Quality Attention combines IAS’s access to more than 280 billion daily digital interactions with attention research to create a powerful way for marketers to get a greater impact from their advertising campaigns.
Quality Attention uses a variety of signals obtained as part of IAS’s core products, including viewability, ad density, and user interaction, and weighs them into a single attention score and three sub-scores for visibility, situation, and interaction for decisive outcomes. These three key media signals can predict if an impression is likely to lead to attention and advertising outcomes.

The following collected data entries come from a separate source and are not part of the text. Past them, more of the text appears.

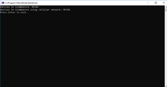 Here we query the device twins store in the IoT Hub to select devices located in Coimbatore and then reported a cellular connection.
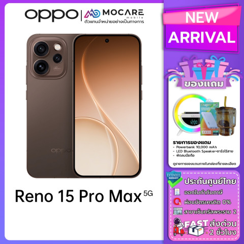 สัมผัสประสบการณ์สมาร์ทโฟนเรือธงดีไซน์หรูและสเปคจัดเต็มกับ OPPO Reno 15 Series (15F / 15 / 15 Pro / 15 Pro Max) จากร้าน Mocare มั่นใจด้วยประกันศูนย์ไทย การันตีคุณภาพ พร้อมบริการครบวงจรและของแถมแน่นกล่อง เหมาะทั้งสายถ่ายภาพ เกมมิ่ง ทำงาน และใช้งานโซเชียลตลอดวันในดีไซน์พรีเมียม ราคาคุ้มค่า
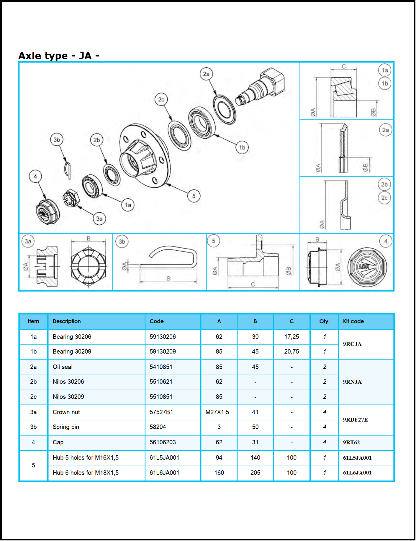 Demi-essieu non freiné 50x50 5M16 - voie 250mm
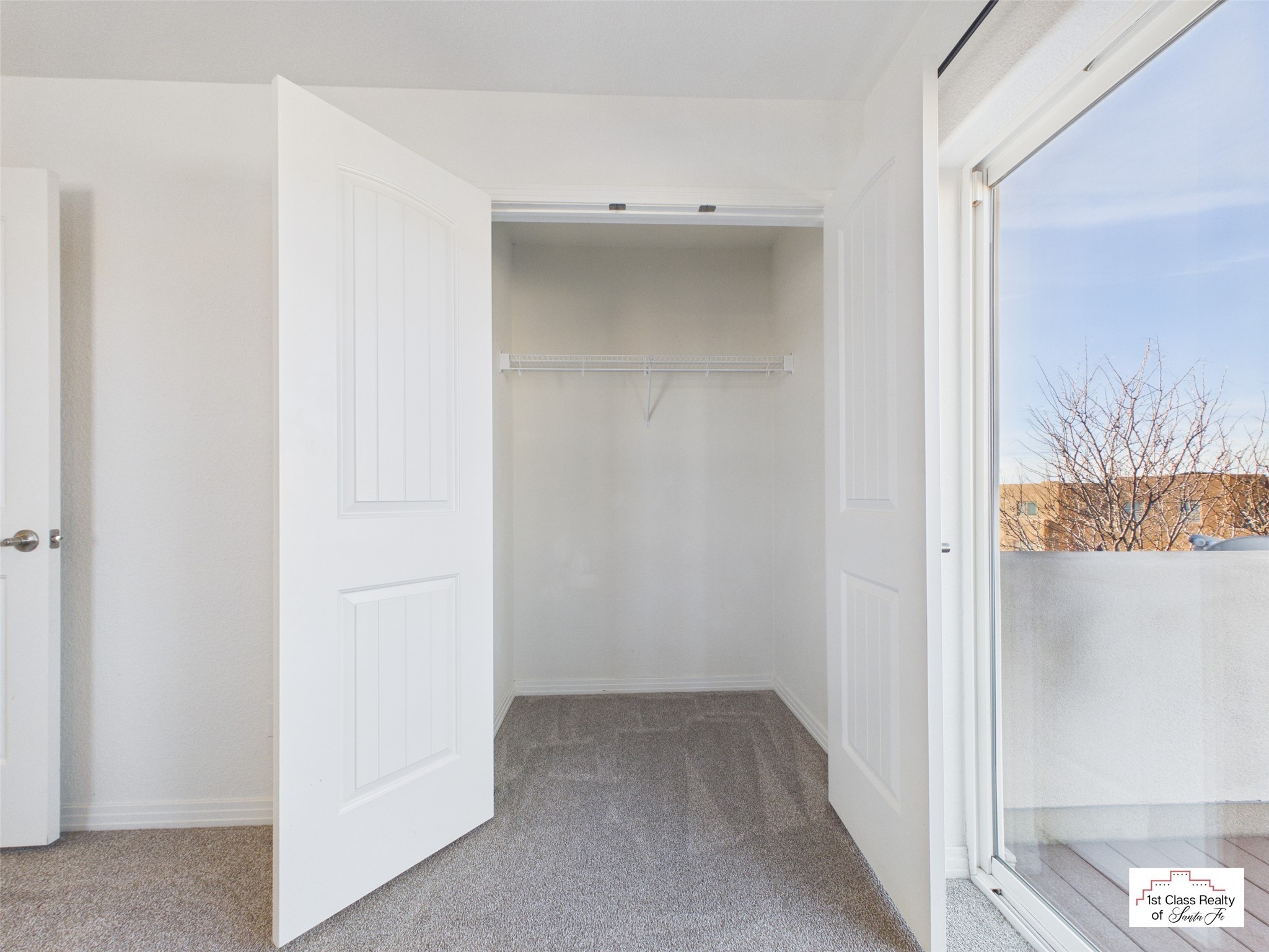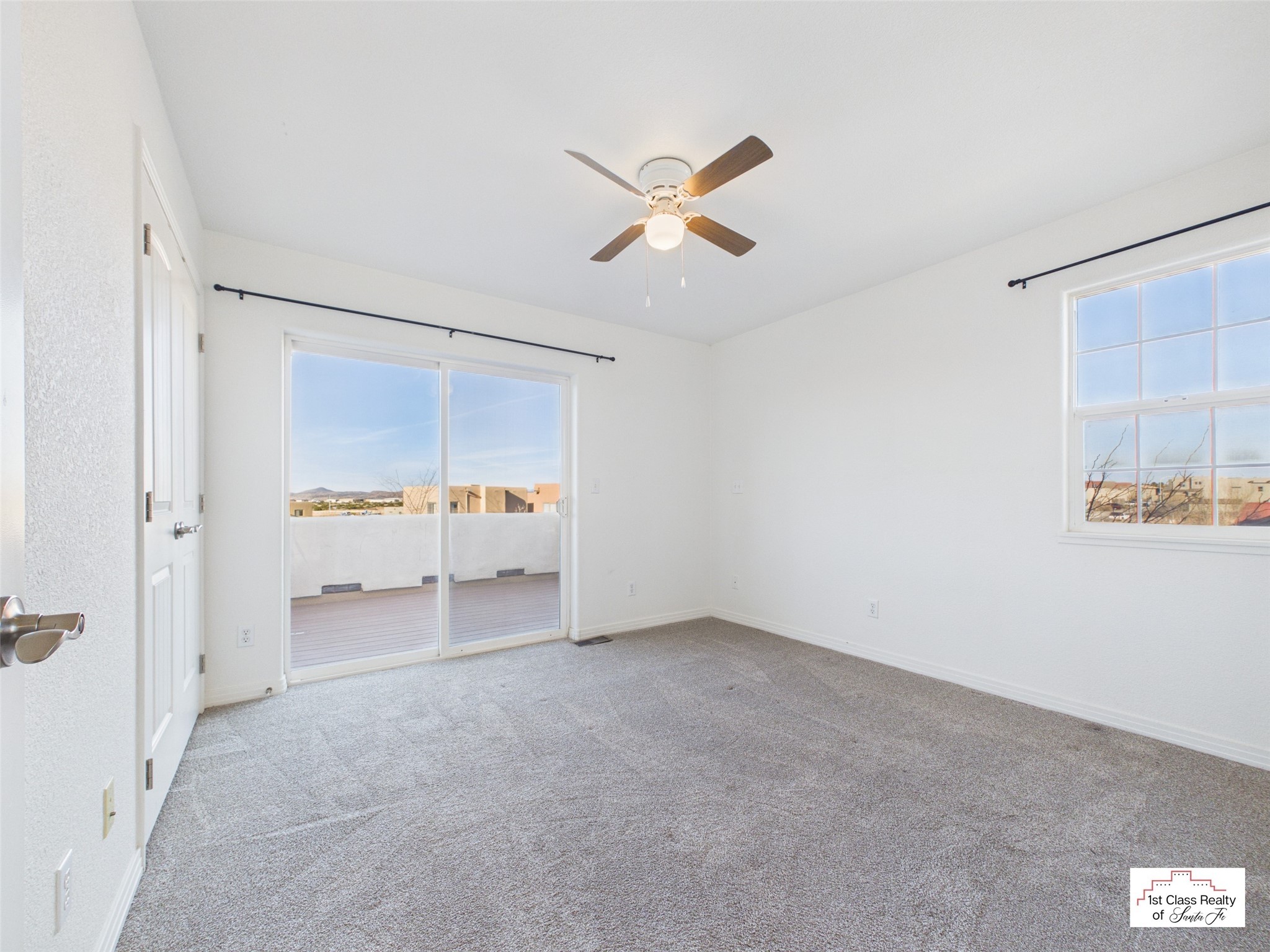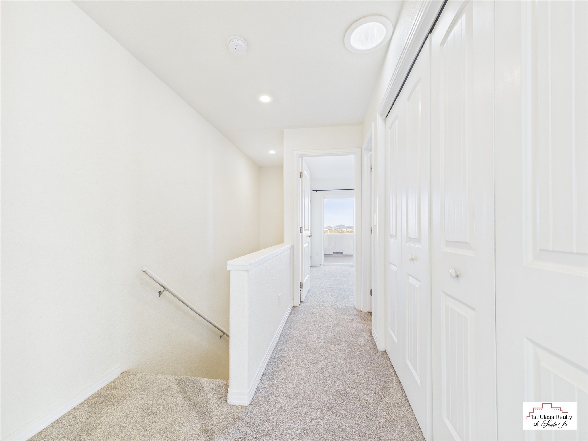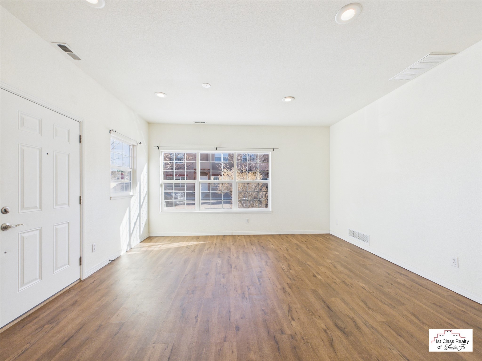 Welcome home to this contemporary pueblo-style end-unit on a corner lot in the desirable El Nido community. Light-filled interior with an open main-level living area, kitchen, and a flexible bedroom/office plus a bath. Two additional bedrooms and a full bath are located upstairs. Enjoy a private walled courtyard ideal for outdoor dining, gardening, or pets, as well as an upper deck offering expansive mountain views, sunset backdrops, and star-filled night skies. Additional features include off-street parking for two vehicles and abundant natural light throughout. Convenient south side location just minutes to SWAN Park, the Santa Fe Country Club, shopping, dining, entertainment, and the Presbyterian Medical Center. Quick access to I-25 and Hwy 599 for easy commuting to ABQ or Los Alamos. A well-kept home in a convenient area.
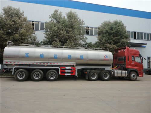 為了有更豐富的功用,程力專用汽車股份有限公司半掛鮮奶運輸車還可以采取分倉處理,一方面可以運輸不同的奶源進行區分,也能提高奶品品質。下面小編來詳細介紹一下這款三橋半掛鮮奶運輸車參數及配置:
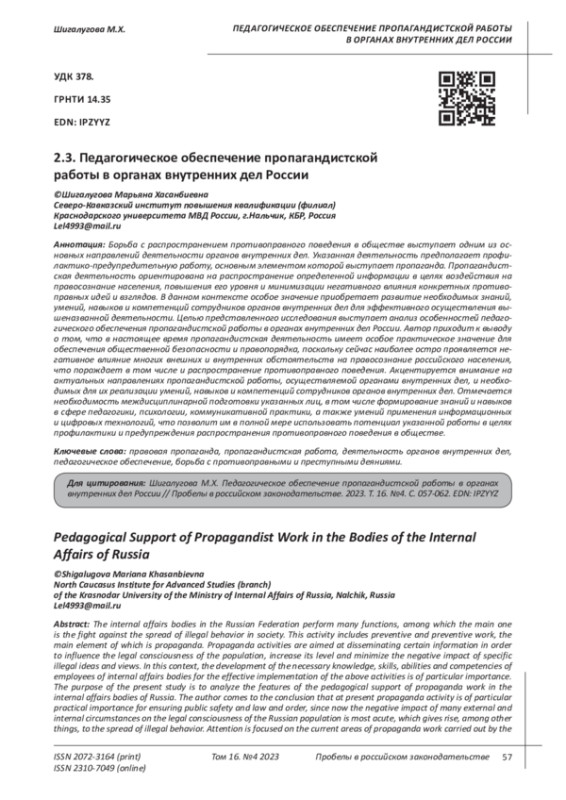 Борьба с распространением противоправного поведения в обществе выступает одним из основных направлений деятельности органов внутренних дел. Указанная деятельность предполагает профилактико-предупредительную работу, основным элементом которой выступает пропаганда. Пропагандистская деятельность ориентирована на распространение определенной информации в целях воздействия на правосознание населения, повышения его уровня и минимизации негативного влияния конкретных противоправных идей и взглядов. В данном контексте особое значение приобретает развитие необходимых знаний, умений, навыков и компетенций сотрудников органов внутренних дел для эффективного осуществления вышеназванной деятельности. Целью представленного исследования выступает анализ особенностей педагогического обеспечения пропагандистской работы в органах внутренних дел России. Автор приходит к выводу о том, что в настоящее время пропагандистская деятельность имеет особое практическое значение для обеспечения общественной безопасности и правопорядка, поскольку сейчас наиболее остро проявляется негативное влияние многих внешних и внутренних обстоятельств на правосознание российского населения, что порождает в том числе и распространение противоправного поведения. Акцентируется внимание на актуальных направлениях пропагандистской работы, осуществляемой органами внутренних дел, и необходимых для их реализации умений, навыков и компетенций сотрудников органов внутренних дел. Отмечается необходимость междисциплинарной подготовки указанных лиц, в том числе формирование знаний и навыков в сфере педагогики, психологии, коммуникативной практики, а также умений применения информационных и цифровых технологий, что позволит им в полной мере использовать потенциал указанной работы в целях профилактики и предупреждения распространения противоправного поведения в обществе.
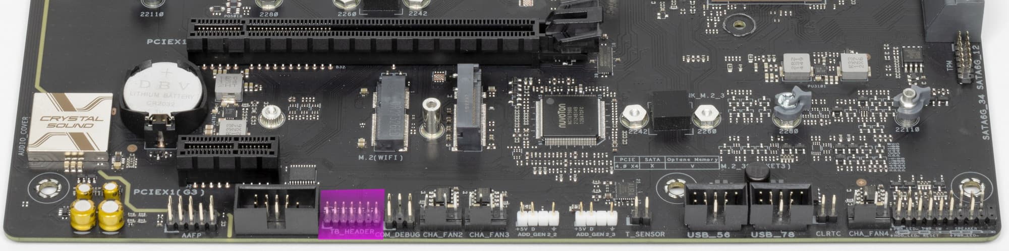 - 1 порт USB 3.2 Gen2x2: реализован с помощью двух линий USB 3.2 Gen2 (одна от B660 и вторая от ITE IT8856) и представлен внутренним портом Type-C (для подключения к соответствующему разъему на передней панели корпуса);
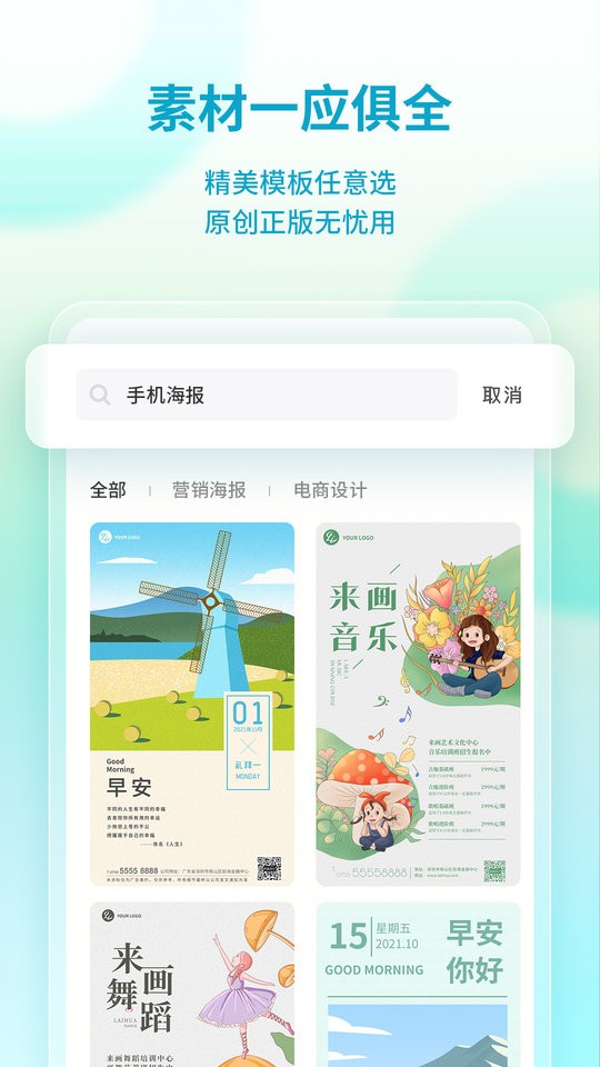 用户可自由选择海报模板风格、样式、字体及颜色等进行创意设计

IAS research found a 198 percent average lift in the conversion rate when comparing high-attention impressions with low-attention impressions. Leveraging these signals with IAS’s scoring system provides actionable insight on attention and opens up new opportunities for advertisers to optimise messaging executions, develop creative, and evaluate which programmatic partners are driving higher attention.
“Harnessing attention is pivotal to executing a successful advertising campaign. But not all attention products are created equal. IAS has created a research-backed model on attention based on outcomes and three key media signals, including visibility, situation, and interaction, that can predict if an impression is likely to lead to attention and results,” said Yannis Dosios, chief commercial officer of IAS, in a statement. “We have developed a comprehensive attention product based on data, research, and testing, designed to deliver meaningful results for marketers.”
IAS is also working with partners like Lumen to expand the industry standard for attention measurement by bringing cutting-edge eye-tracking technology and predictive attention models to market.